> [Exercise details]:
In the entries below, repeat only the lines between those holding "图1. 原位生长在石墨烯卷上的SnS2杂化材料制备流程示意图" and "Selling a pair", inclusive. Leave pictures out.

> [Material provided]:
-------------------------

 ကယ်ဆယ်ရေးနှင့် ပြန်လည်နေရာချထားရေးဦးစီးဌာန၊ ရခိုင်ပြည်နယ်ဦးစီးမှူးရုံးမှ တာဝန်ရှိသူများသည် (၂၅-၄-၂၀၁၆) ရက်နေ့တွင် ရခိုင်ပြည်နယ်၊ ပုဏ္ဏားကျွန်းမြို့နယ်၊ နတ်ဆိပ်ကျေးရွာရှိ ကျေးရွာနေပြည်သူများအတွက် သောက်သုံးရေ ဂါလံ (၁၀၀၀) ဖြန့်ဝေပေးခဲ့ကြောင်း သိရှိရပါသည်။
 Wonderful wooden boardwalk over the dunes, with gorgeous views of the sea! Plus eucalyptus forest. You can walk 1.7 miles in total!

-------------------------

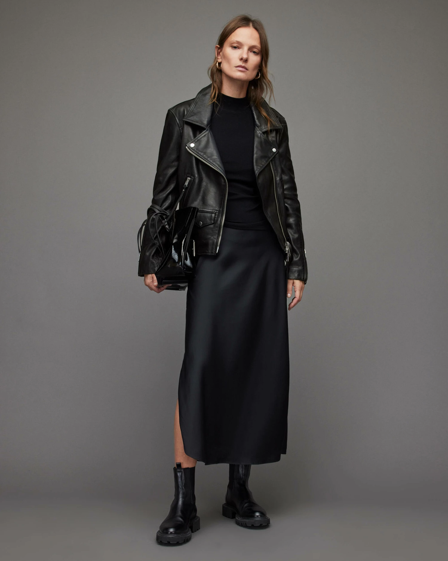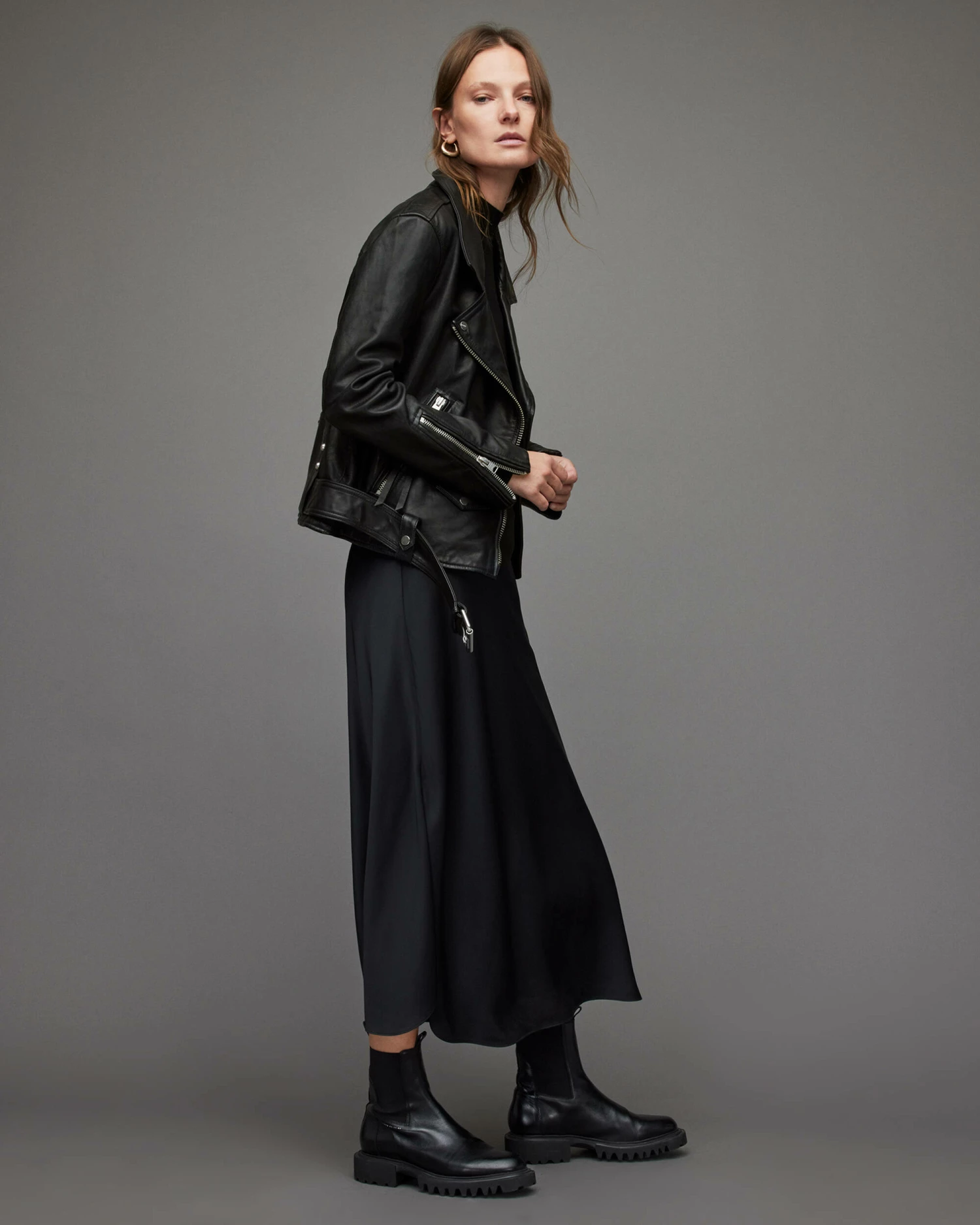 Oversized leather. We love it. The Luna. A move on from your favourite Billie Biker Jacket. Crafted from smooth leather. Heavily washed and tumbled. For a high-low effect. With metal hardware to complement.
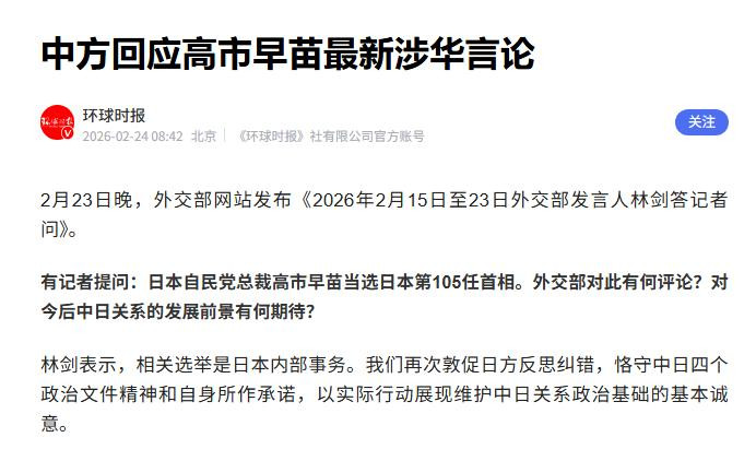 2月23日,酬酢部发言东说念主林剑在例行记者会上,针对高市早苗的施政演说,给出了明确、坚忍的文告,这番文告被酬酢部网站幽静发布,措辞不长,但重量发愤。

-------------------------

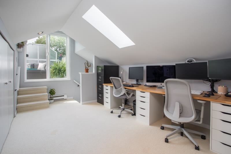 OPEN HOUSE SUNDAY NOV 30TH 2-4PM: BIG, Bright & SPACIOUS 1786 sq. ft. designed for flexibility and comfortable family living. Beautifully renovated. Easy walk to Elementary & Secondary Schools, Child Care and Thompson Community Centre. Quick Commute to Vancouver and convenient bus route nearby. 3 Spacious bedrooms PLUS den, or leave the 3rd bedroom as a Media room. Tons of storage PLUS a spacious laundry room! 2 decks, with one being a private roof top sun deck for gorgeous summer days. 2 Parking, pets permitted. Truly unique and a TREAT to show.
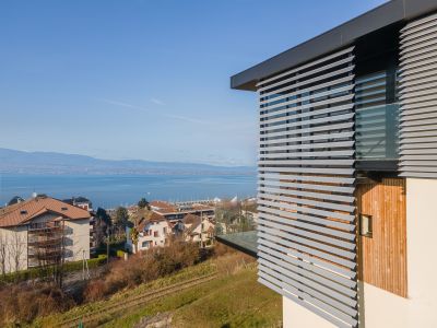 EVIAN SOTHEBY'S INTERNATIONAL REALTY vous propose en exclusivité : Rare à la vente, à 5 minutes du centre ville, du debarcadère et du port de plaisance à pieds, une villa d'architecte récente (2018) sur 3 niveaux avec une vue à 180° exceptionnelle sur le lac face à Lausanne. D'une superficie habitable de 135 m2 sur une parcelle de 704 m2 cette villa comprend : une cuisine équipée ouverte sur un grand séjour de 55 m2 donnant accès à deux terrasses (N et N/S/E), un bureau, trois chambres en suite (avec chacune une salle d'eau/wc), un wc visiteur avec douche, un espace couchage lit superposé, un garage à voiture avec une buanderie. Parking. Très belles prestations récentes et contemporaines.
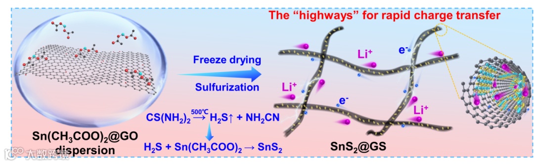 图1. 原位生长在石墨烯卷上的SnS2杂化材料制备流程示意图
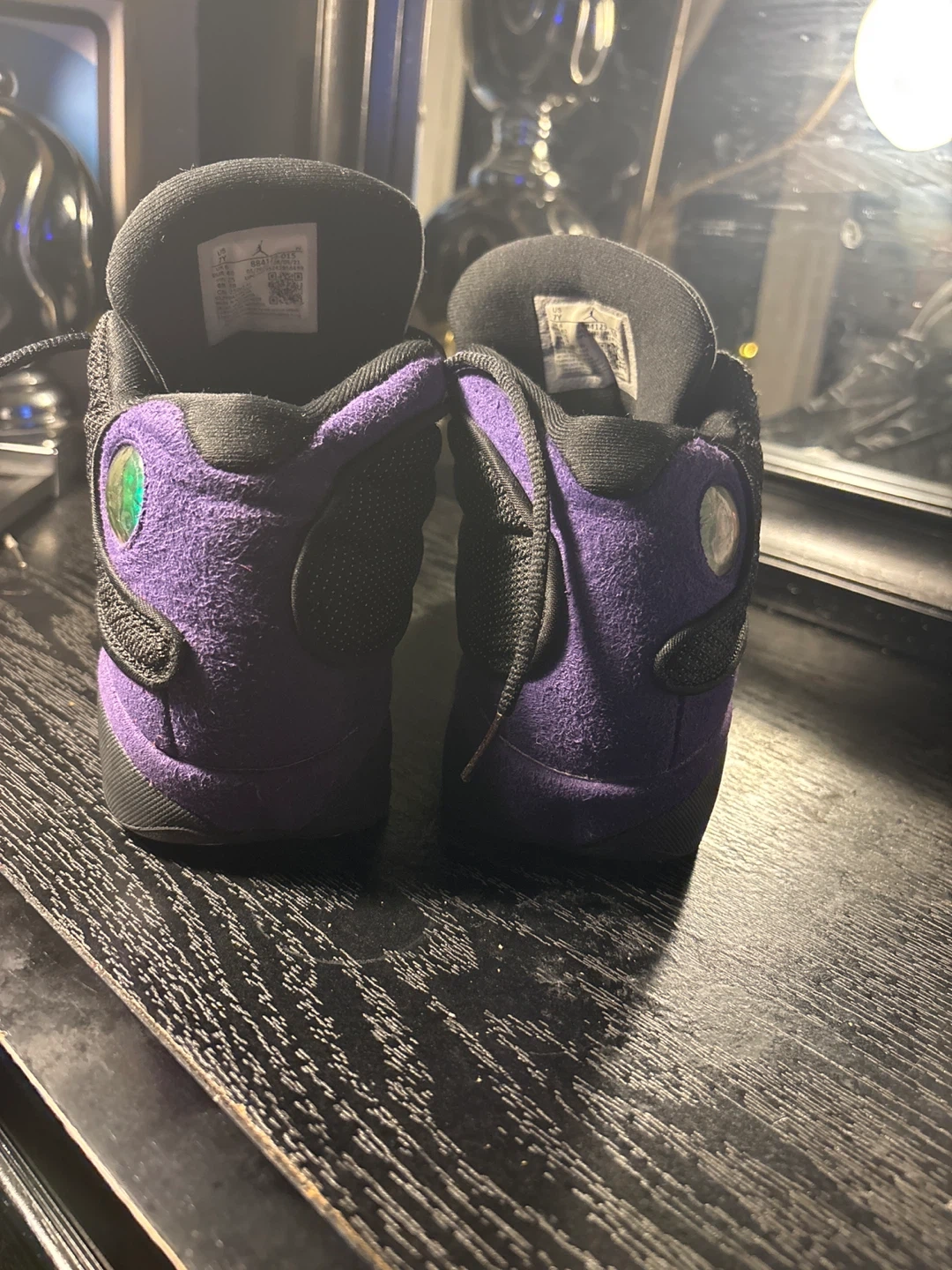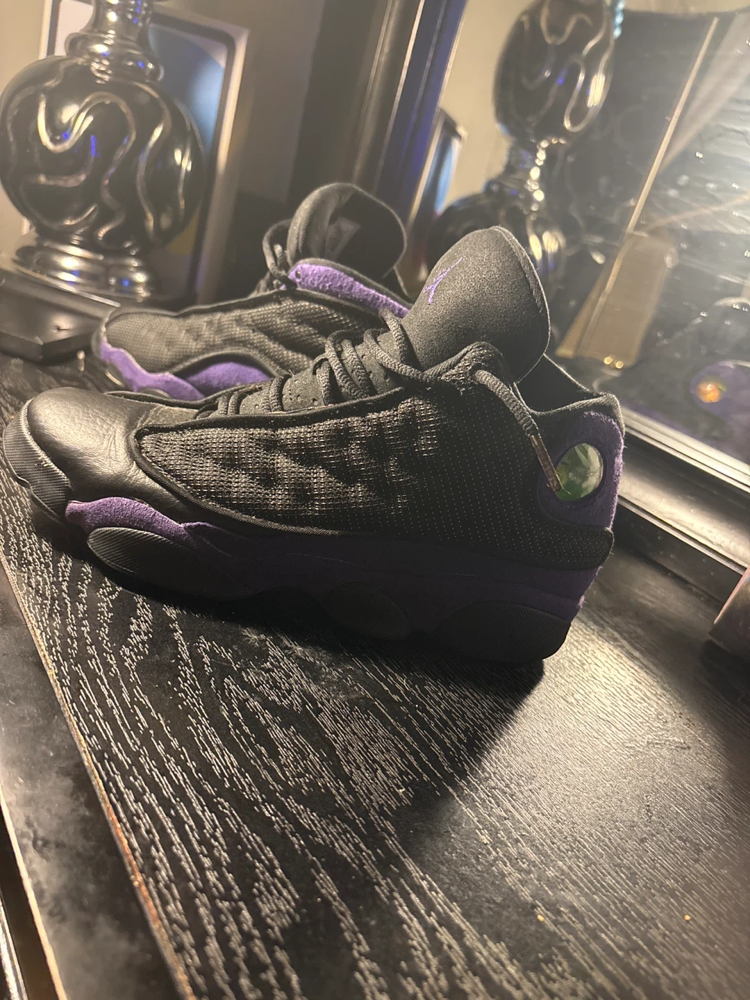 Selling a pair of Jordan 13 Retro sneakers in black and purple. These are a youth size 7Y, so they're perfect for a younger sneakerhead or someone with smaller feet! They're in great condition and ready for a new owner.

-------------------------

> [The completed task]:
 图1. 原位生长在石墨烯卷上的SnS2杂化材料制备流程示意图
 Selling a pair of Jordan 13 Retro sneakers in black and purple. These are a youth size 7Y, so they're perfect for a younger sneakerhead or someone with smaller feet! They're in great condition and ready for a new owner.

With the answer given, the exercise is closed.